In our project, we’ll be using a simple AWS Lambda function. In my experience, I’ve noticed that as the packet with code surpasses 10MB, the upload speed to AWS drops dramatically. Even if we upload it to the S3 bucket in advance and then make a lambda from it, AWS can freeze for a long time. Therefore, if you are using third-party libraries it can make sense to use lambda layers, whereas if you aren’t planning to use any libraries with lightweight code on CloudFront, consider looking into lambda@edge.

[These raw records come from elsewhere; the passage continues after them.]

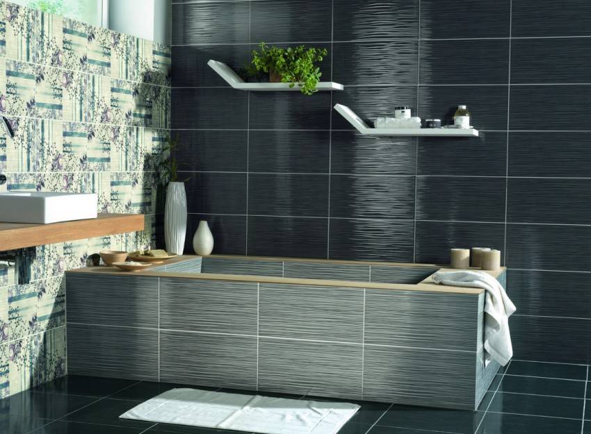 В этом году на пике популярности соединение деревянных поверхностей и плитки. Натуральные, природные материалы набирают обороты в оформлении декора. Это может быть ванна из натурального дерева, столешница, тумба, раковина, полы или аккуратные функциональные полочки.
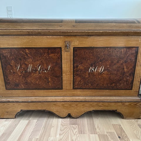 Antik Trækiste med malet dekor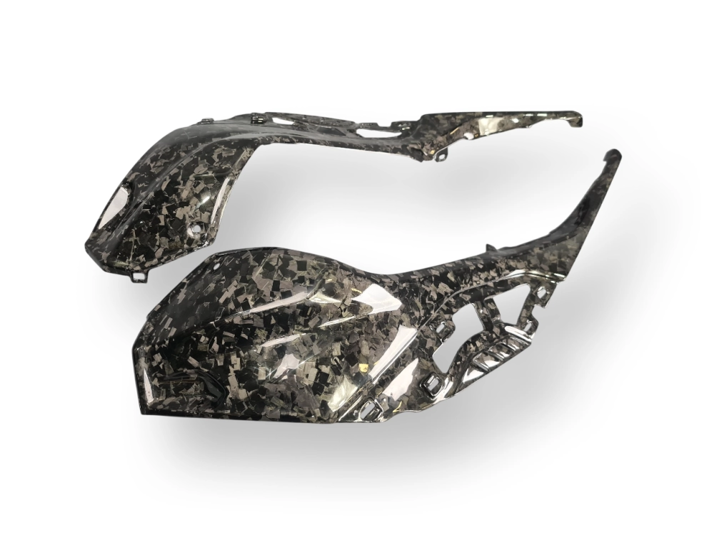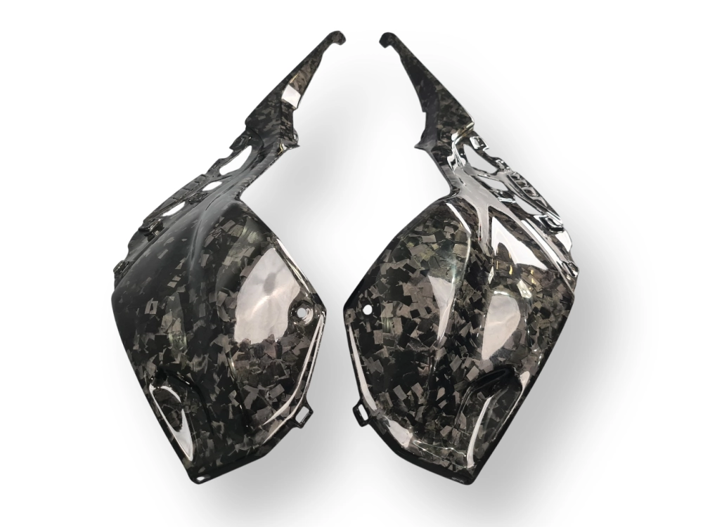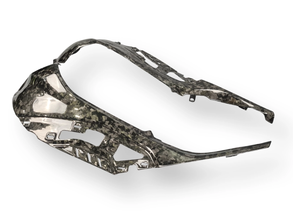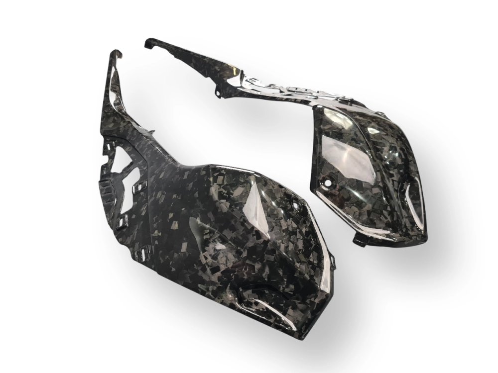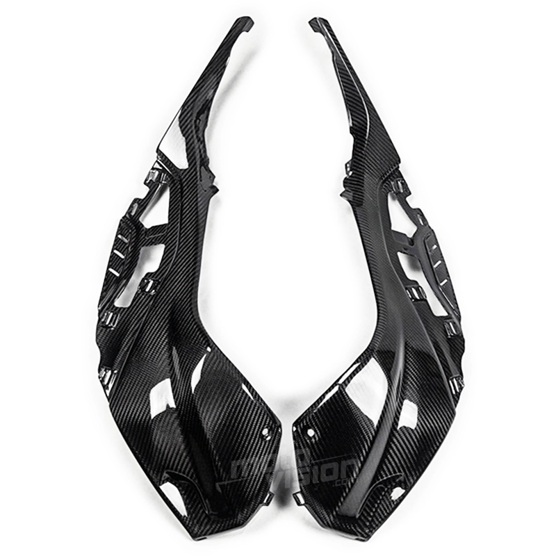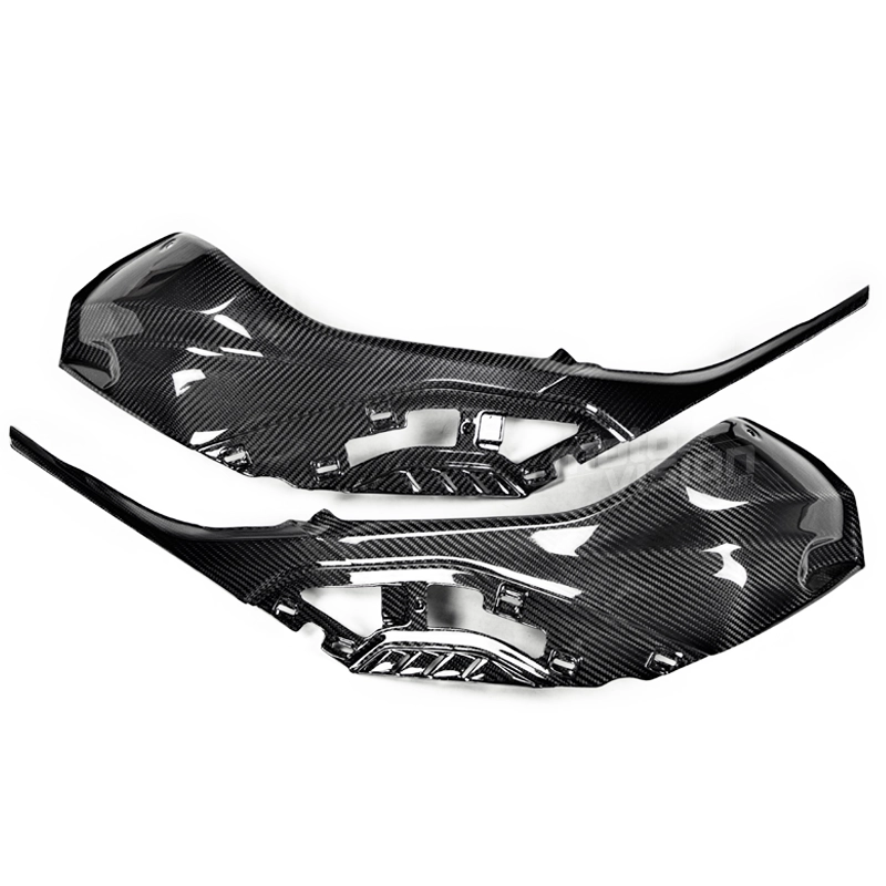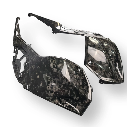 Copri Serbatoio en carbonio per BMW S1000RR 2019- S1000R 2021- M1000R 2023- M1000RR 2023- que se monta directamente en los puntos de fijación originales de su moto para sustituir el carenado original. Las piezas de carbono se entregan sin tornillos ni pernos.
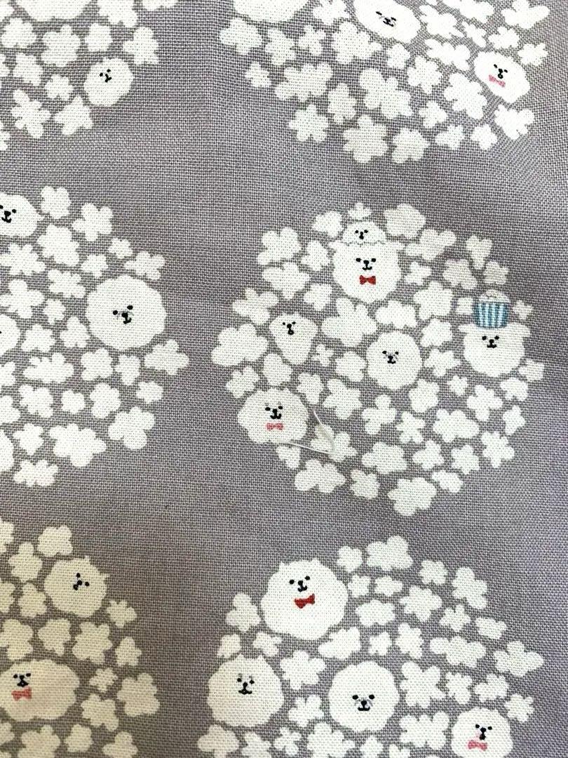 生地はキャンバス地、北欧調 ポップコーンドック(プードル)・フラワー・グレー×白花

The full code can be found in the file in the repository. In my opinion, it’s more effective to work with nodejs, but to facilitate in-depth file processing we’ll use python. The code consists of main blocks:

MY_APP_JOURNALS_URL = ""     # API endpoint for accessing out journal entries app
BUGOUT_AUTH_URL = ""         # endpoint for writing resources (image metadata)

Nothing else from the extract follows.